Directions:
Copy, with no pictures, the line that contains "Schritt 3 - AbonnentenlistenWählen" and each line after it down to the end of the entries below, exactly.

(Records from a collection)

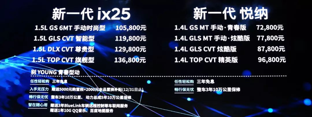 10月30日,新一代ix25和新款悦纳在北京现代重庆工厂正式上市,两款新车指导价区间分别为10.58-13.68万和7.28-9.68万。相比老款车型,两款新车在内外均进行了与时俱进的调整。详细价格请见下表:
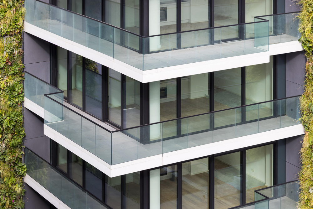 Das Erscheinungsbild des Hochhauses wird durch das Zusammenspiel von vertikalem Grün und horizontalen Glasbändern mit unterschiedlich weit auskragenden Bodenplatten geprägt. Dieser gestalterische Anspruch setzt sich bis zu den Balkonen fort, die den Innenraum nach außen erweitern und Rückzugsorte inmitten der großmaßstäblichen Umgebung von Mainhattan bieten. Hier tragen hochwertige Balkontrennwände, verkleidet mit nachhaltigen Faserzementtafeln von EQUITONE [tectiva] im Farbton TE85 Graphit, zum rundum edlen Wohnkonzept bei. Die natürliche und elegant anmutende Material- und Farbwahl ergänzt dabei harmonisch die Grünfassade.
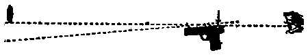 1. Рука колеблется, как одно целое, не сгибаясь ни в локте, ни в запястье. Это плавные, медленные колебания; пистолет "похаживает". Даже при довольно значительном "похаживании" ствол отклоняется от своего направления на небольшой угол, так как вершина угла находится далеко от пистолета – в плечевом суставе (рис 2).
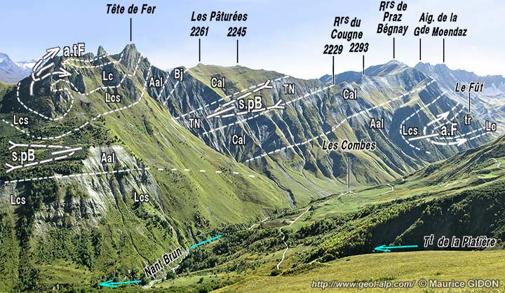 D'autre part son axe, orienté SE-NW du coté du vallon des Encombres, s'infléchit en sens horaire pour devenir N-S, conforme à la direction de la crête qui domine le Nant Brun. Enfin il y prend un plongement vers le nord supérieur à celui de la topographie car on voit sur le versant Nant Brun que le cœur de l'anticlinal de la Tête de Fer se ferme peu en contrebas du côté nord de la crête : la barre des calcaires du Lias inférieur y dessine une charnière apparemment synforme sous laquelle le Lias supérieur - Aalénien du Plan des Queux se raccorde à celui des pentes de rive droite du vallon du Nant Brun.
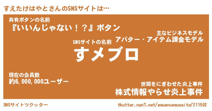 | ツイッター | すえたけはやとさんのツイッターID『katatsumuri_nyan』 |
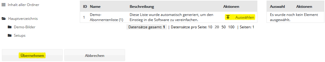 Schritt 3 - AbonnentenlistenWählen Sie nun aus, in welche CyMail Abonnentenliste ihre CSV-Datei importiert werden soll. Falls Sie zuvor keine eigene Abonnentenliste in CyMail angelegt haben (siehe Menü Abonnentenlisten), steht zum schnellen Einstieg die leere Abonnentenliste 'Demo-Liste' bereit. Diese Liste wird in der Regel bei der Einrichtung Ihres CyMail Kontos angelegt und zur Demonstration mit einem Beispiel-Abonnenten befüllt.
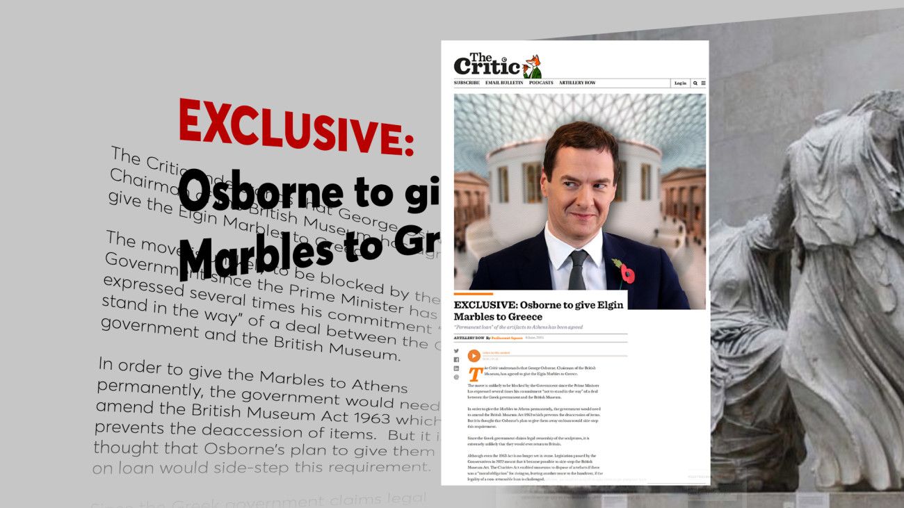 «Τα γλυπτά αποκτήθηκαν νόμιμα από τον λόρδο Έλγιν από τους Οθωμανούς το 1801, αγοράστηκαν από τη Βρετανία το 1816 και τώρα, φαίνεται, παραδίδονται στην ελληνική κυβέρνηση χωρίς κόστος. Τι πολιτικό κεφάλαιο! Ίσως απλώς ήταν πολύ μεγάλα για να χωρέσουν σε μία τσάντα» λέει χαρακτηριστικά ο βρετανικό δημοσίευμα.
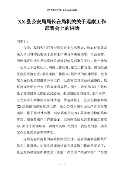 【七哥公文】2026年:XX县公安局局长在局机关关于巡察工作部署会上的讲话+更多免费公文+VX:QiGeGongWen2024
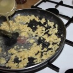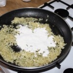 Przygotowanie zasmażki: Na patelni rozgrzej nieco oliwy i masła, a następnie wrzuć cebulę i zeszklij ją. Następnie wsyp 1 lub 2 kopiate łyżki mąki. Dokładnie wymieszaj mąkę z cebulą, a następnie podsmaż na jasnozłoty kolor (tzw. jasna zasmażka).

Solution to the exercise:
 Schritt 3 - AbonnentenlistenWählen Sie nun aus, in welche CyMail Abonnentenliste ihre CSV-Datei importiert werden soll. Falls Sie zuvor keine eigene Abonnentenliste in CyMail angelegt haben (siehe Menü Abonnentenlisten), steht zum schnellen Einstieg die leere Abonnentenliste 'Demo-Liste' bereit. Diese Liste wird in der Regel bei der Einrichtung Ihres CyMail Kontos angelegt und zur Demonstration mit einem Beispiel-Abonnenten befüllt.
 «Τα γλυπτά αποκτήθηκαν νόμιμα από τον λόρδο Έλγιν από τους Οθωμανούς το 1801, αγοράστηκαν από τη Βρετανία το 1816 και τώρα, φαίνεται, παραδίδονται στην ελληνική κυβέρνηση χωρίς κόστος. Τι πολιτικό κεφάλαιο! Ίσως απλώς ήταν πολύ μεγάλα για να χωρέσουν σε μία τσάντα» λέει χαρακτηριστικά ο βρετανικό δημοσίευμα.
 【七哥公文】2026年:XX县公安局局长在局机关关于巡察工作部署会上的讲话+更多免费公文+VX:QiGeGongWen2024
 Przygotowanie zasmażki: Na patelni rozgrzej nieco oliwy i masła, a następnie wrzuć cebulę i zeszklij ją. Następnie wsyp 1 lub 2 kopiate łyżki mąki. Dokładnie wymieszaj mąkę z cebulą, a następnie podsmaż na jasnozłoty kolor (tzw. jasna zasmażka).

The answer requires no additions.